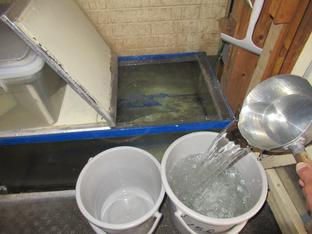 溜まった雨水をバケツに移しました。この水で外壁の清掃をします。
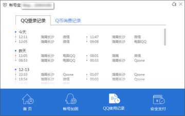 帐号宝中可便捷查看QQ登录记录、Q币消费记录
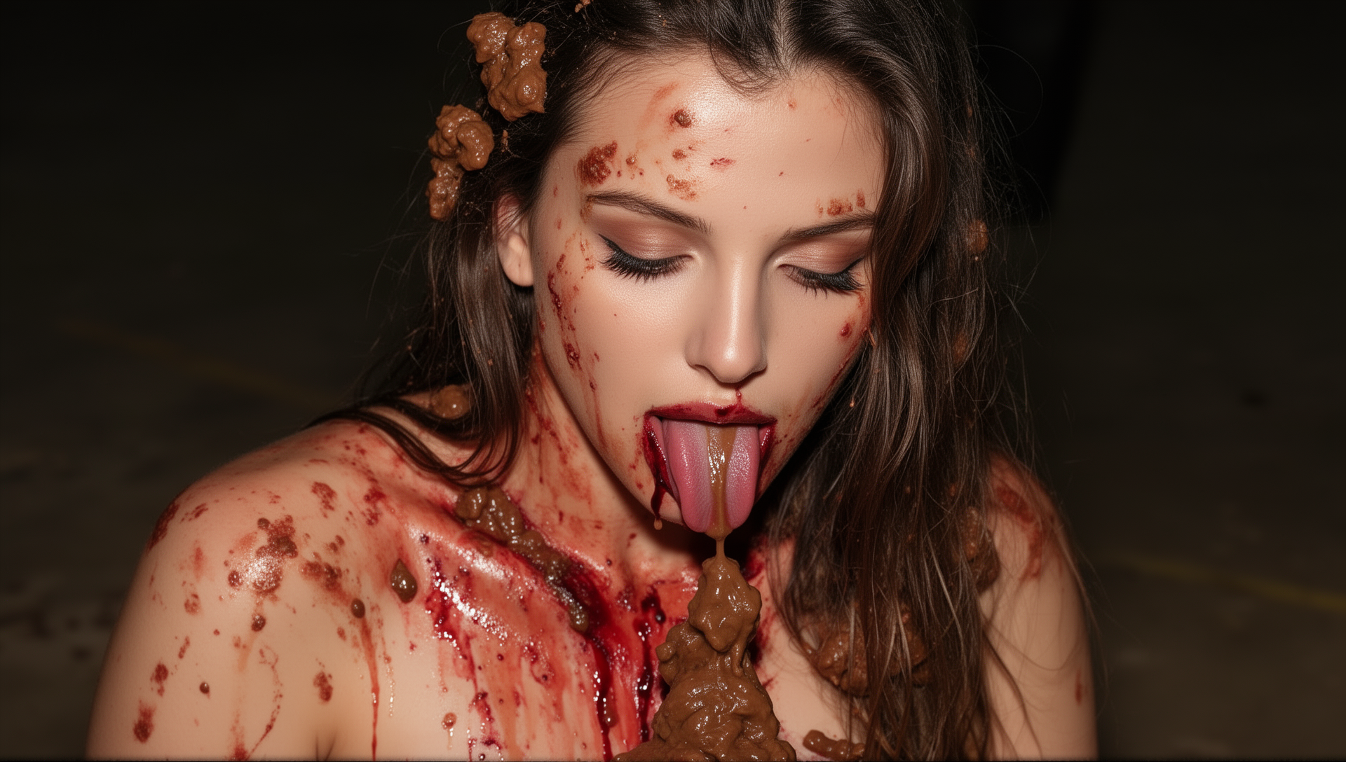 Veronica eating food from her own ass, vomiting it out and eating it again. She must be into recycling?
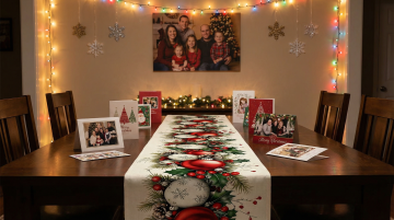 以图中的7 件套圣诞餐垫套装元素,物体主体特征不变,设计6张跟7 件套圣诞餐垫套装有关的图,比例 16:9
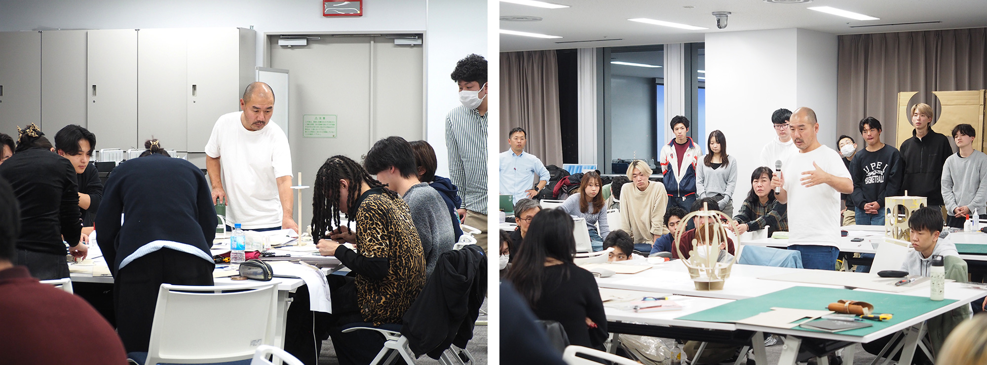 デザイン学部では、2025年12月15日(月)から17日(水)までの3日間、イギリスで活躍する日本人建築家 早津毅氏を特別講師として迎え、特別授業を開催しました。授業では、本学蒲田キャンパス最寄り駅である「蒲田駅」の駅ビル「東急プラザ蒲田」屋上の“幸せの観覧車”を題材とし、観覧車のゴンドラの新たなデザイン提案と模型制作に取り組みました。学生たちは事前に現地調査を行ったほか、東急プラザ担当者から観覧車の歴史についてレクチャーを受けるなど、十分な準備を重ねたうえで特別授業に臨みました。
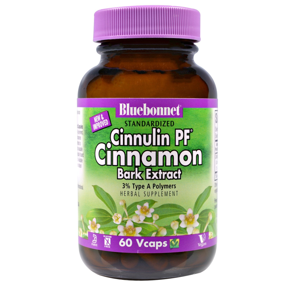New & Improved Standardized 3% Type A Polymers Herbal Supplement Kosher Parve Gluten Free Vegan Sustainably Harvested Bluebonnet's Standardized Cinnulin PF Cinnamon Bark Extract Capsules provide a standardized water-soluble extract of type A polymers, the most researched active constituents found in cinnamon bark. A clean and gentle water-based extraction method is employed to capture and preserve cinnamon's most valuable components while eliminating toxic compounds typically found in whole cinnamon and fat-soluble cinnamon extracts. Available in easy-to-swallow vegetable derived capsules for maximum assimilation/absorption and for a truly vegetarian/vegan formula.
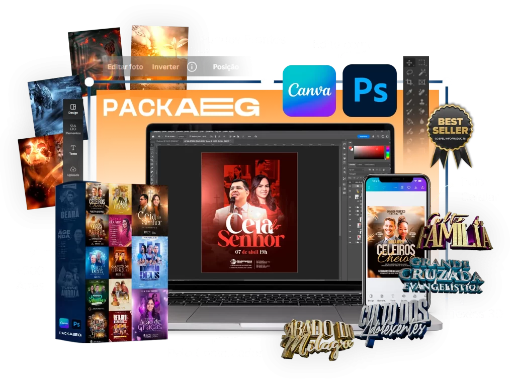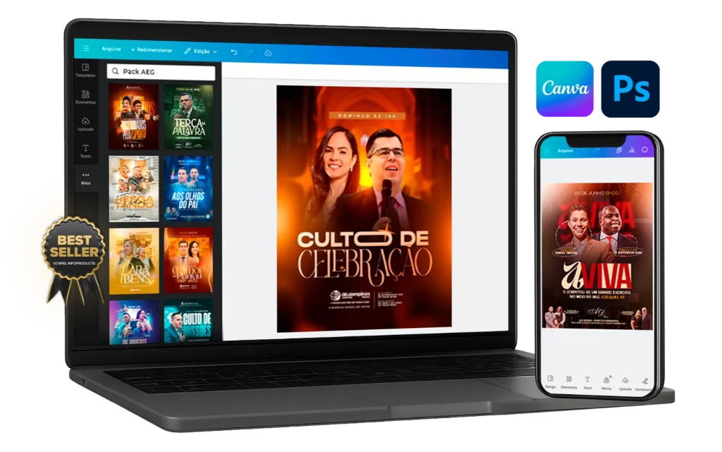 Tenha acesso a + de 600 Artes profissionais, prontas para editar no celular ou computador, através do Canva, Photoshop ou Photopea.
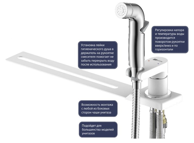 Смеситель Lemark Solo LM7170CW с гигиеническим душем, устанавливаемый на унитаз
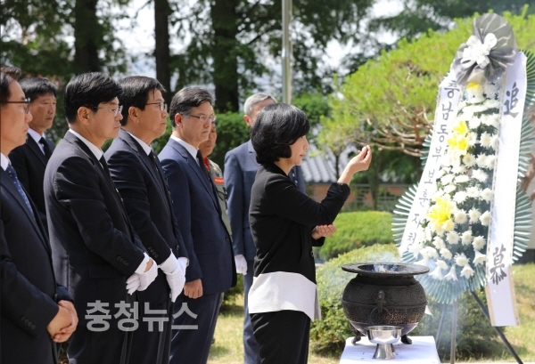 한국당 송아영 세종시장 후보도 일찍 자유한국당 당직자, 시의원 후보들과 충령탑을 참배한 뒤 현충일 추념식 참석과 조치원 읍내 순회 유세와 한솔동 거리인사를 펼쳤다.
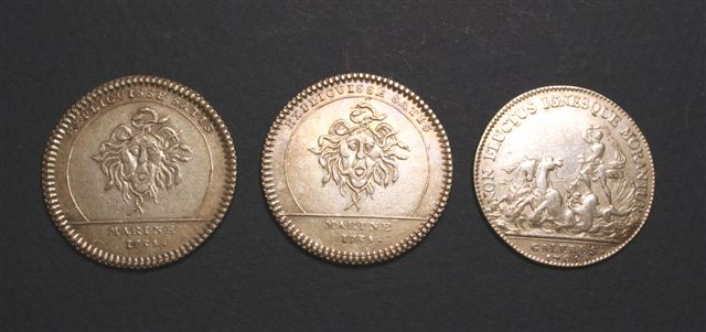 LOT : Marine-Galères, 3 jetons, Fe. 1355 (2), 1451(cuivre, non répertorié en ar.). TTB.
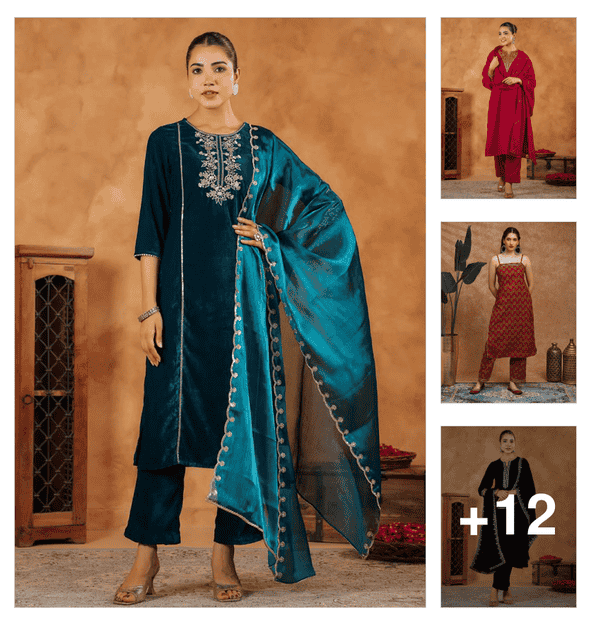 women three quarter sleeve kurta and pant with dupatta
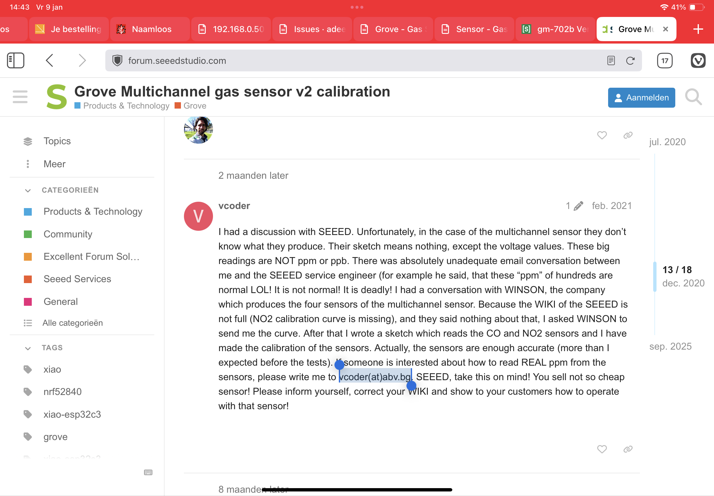 OK, #CO #airquality update and question. looking for an arduino or esp32 script to run an me2-co sensor
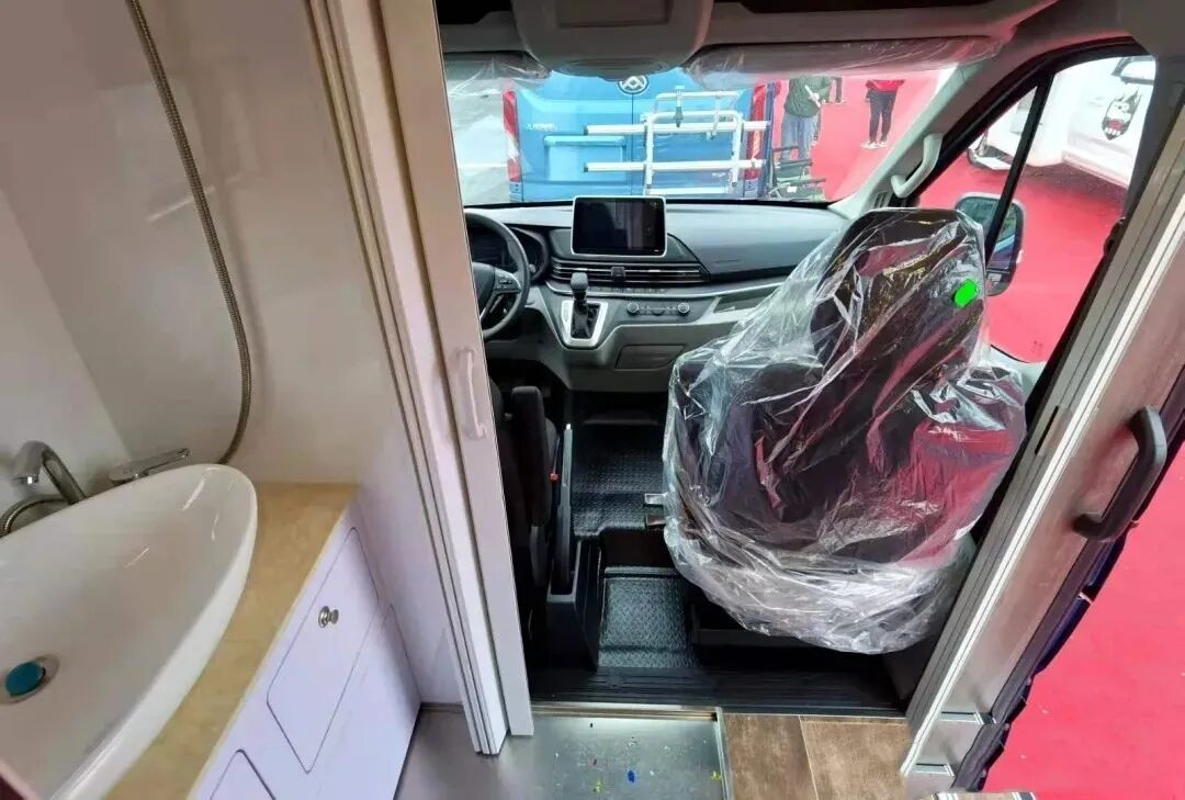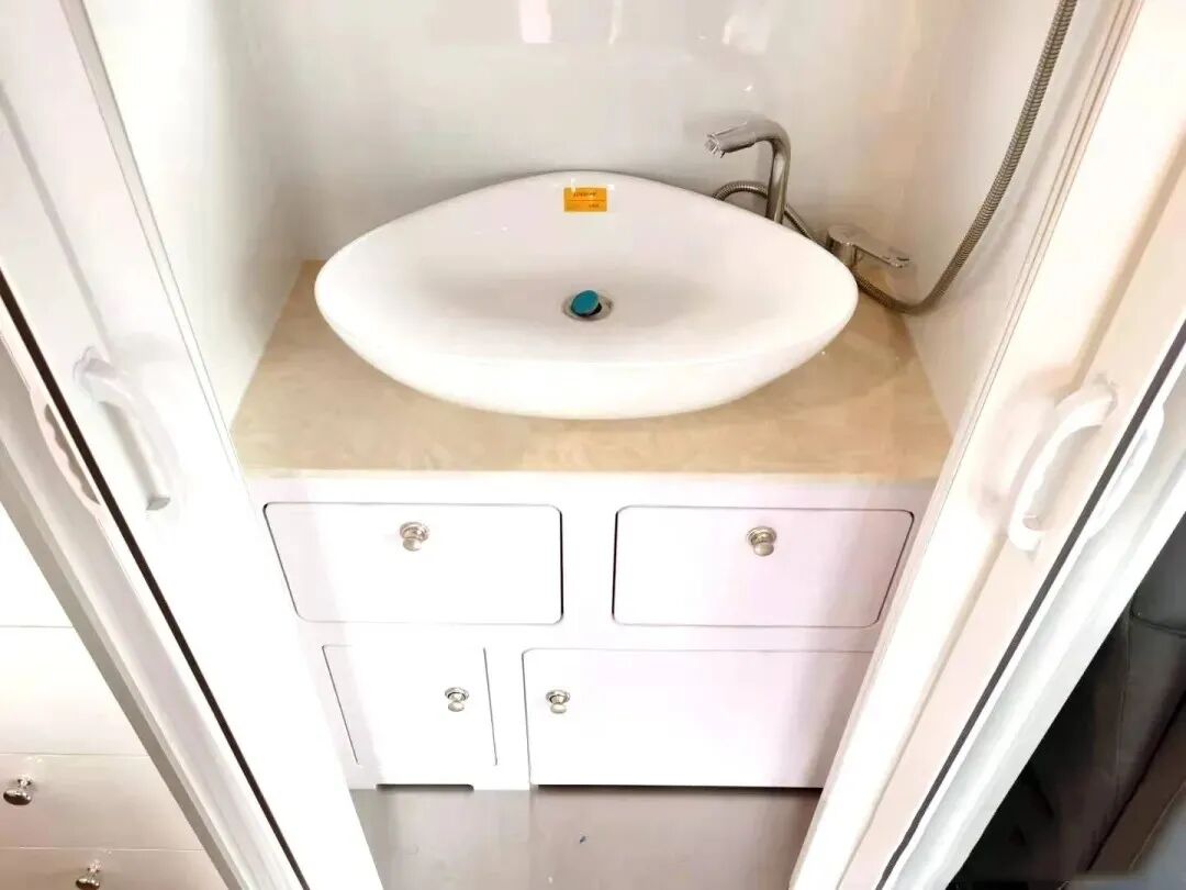上车门正对面不再是会客区而是一个开放式的洗漱台,采用卷帘门设计,可形成独立的卫浴空间,有效节约了房车内部空间。内置淋浴花洒、置物柜、梳妆镜、外推窗等,设计很独特。

◆ What you have to do:
Please give back the data above word for word, with no pictures included.

◆ Solution to this task:
 溜まった雨水をバケツに移しました。この水で外壁の清掃をします。
 帐号宝中可便捷查看QQ登录记录、Q币消费记录
 Veronica eating food from her own ass, vomiting it out and eating it again. She must be into recycling?
 以图中的7 件套圣诞餐垫套装元素,物体主体特征不变,设计6张跟7 件套圣诞餐垫套装有关的图,比例 16:9
 デザイン学部では、2025年12月15日(月)から17日(水)までの3日間、イギリスで活躍する日本人建築家 早津毅氏を特別講師として迎え、特別授業を開催しました。授業では、本学蒲田キャンパス最寄り駅である「蒲田駅」の駅ビル「東急プラザ蒲田」屋上の“幸せの観覧車”を題材とし、観覧車のゴンドラの新たなデザイン提案と模型制作に取り組みました。学生たちは事前に現地調査を行ったほか、東急プラザ担当者から観覧車の歴史についてレクチャーを受けるなど、十分な準備を重ねたうえで特別授業に臨みました。
New & Improved Standardized 3% Type A Polymers Herbal Supplement Kosher Parve Gluten Free Vegan Sustainably Harvested Bluebonnet's Standardized Cinnulin PF Cinnamon Bark Extract Capsules provide a standardized water-soluble extract of type A polymers, the most researched active constituents found in cinnamon bark. A clean and gentle water-based extraction method is employed to capture and preserve cinnamon's most valuable components while eliminating toxic compounds typically found in whole cinnamon and fat-soluble cinnamon extracts. Available in easy-to-swallow vegetable derived capsules for maximum assimilation/absorption and for a truly vegetarian/vegan formula.
 Tenha acesso a + de 600 Artes profissionais, prontas para editar no celular ou computador, através do Canva, Photoshop ou Photopea.
 Смеситель Lemark Solo LM7170CW с гигиеническим душем, устанавливаемый на унитаз
 한국당 송아영 세종시장 후보도 일찍 자유한국당 당직자, 시의원 후보들과 충령탑을 참배한 뒤 현충일 추념식 참석과 조치원 읍내 순회 유세와 한솔동 거리인사를 펼쳤다.
 LOT : Marine-Galères, 3 jetons, Fe. 1355 (2), 1451(cuivre, non répertorié en ar.). TTB.
 women three quarter sleeve kurta and pant with dupatta
 OK, #CO #airquality update and question. looking for an arduino or esp32 script to run an me2-co sensor
上车门正对面不再是会客区而是一个开放式的洗漱台,采用卷帘门设计,可形成独立的卫浴空间,有效节约了房车内部空间。内置淋浴花洒、置物柜、梳妆镜、外推窗等,设计很独特。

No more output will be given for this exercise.